Stress fractures of the femoral neck in adults: an observational study on epidemiology, treatment, and reoperations from the Swedish Fracture Register

Jonas SUNDKVIST ¹, Michael MÖLLER ², Cecilia ROGMARK ³, Olof WOLF ⁴, and Sebastian MUKKA ¹

¹ Department of Surgical and Perioperative Sciences (Orthopedics), Umeå University; ² Institute of Clinical Sciences, Sahlgrenska Academy, Gothenburg University, Gothenburg; ³ Department of Orthopaedics, Lund University, Skåne University Hospital, Malmö; ⁴ Department of Surgical Sciences, Orthopaedics, Uppsala University, Uppsala, Sweden

Abstract

Background and purpose — Stress fractures of the femoral neck (sFNFs) are uncommon injuries.

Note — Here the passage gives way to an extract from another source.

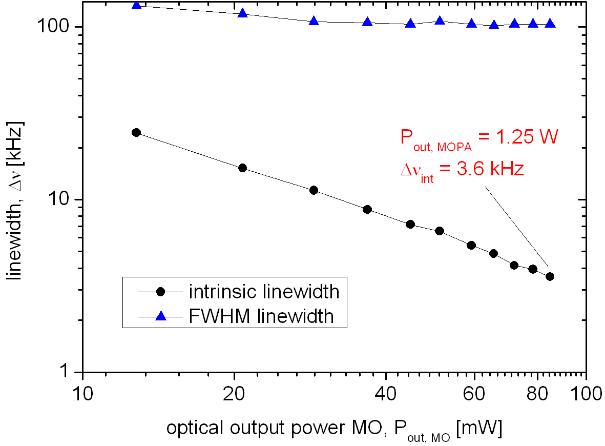 The MOPA module is depicted in fig. 1. The oscillator (MO) is a distributed Bragg reflector laser which is optimized for narrow-linewidth operation. The amplifier (PA) consists of a tapered amplifier and a ridge waveguide entry section. The output of the MO is collimated by a pair of aspherical cylindrical micro-lenses. The collimated beam is then guided through a micro isolator in order to suppress feedback effects and subsequently coupled into the amplifier by another pair of micro-lenses. The output of the MOPA is collimated by a three lens optical system in order to obtain a circular beam. All semiconductor components and optics are integrated on a footprint of 50 x 10 mm2. The output power of the module exceeds 1 Watt in stable single-mode operation with a conversion efficiency of 25%. The results of a heterodyne linewidth measurement are depicted in fig. 2. The full width at half maximum (FWHM) linewidth is approximately 100 kHz over the entire power range. The intrinsic linewidth Dnint (a measure for the linewidth that excludes technical noise) is following the theoretically expected 1/P dependence with a minimum value of 3.6 kHz at a total output power of the MOPA (Pout, MOPA) of 1.25 W (output of the oscillator Pout,MO = 85 mW).

Studies on sFNFs are rare. We describe the demographics, classification, treatment, reoperation rates, and mortality in a cohort of sFNF patients from the Swedish Fracture Register (SFR).

Patients and methods — We included 146 patients ≥ 18 years of age with an sFNF registered in the SFR between 2011 and 2020. The cohort was linked with the Swedish Arthroplasty Register and reviewed using medical records and radiographs. We assessed the presence of disorders of bone remodeling, duration of symptoms, fracture classification, treatment, reoperations, and mortality.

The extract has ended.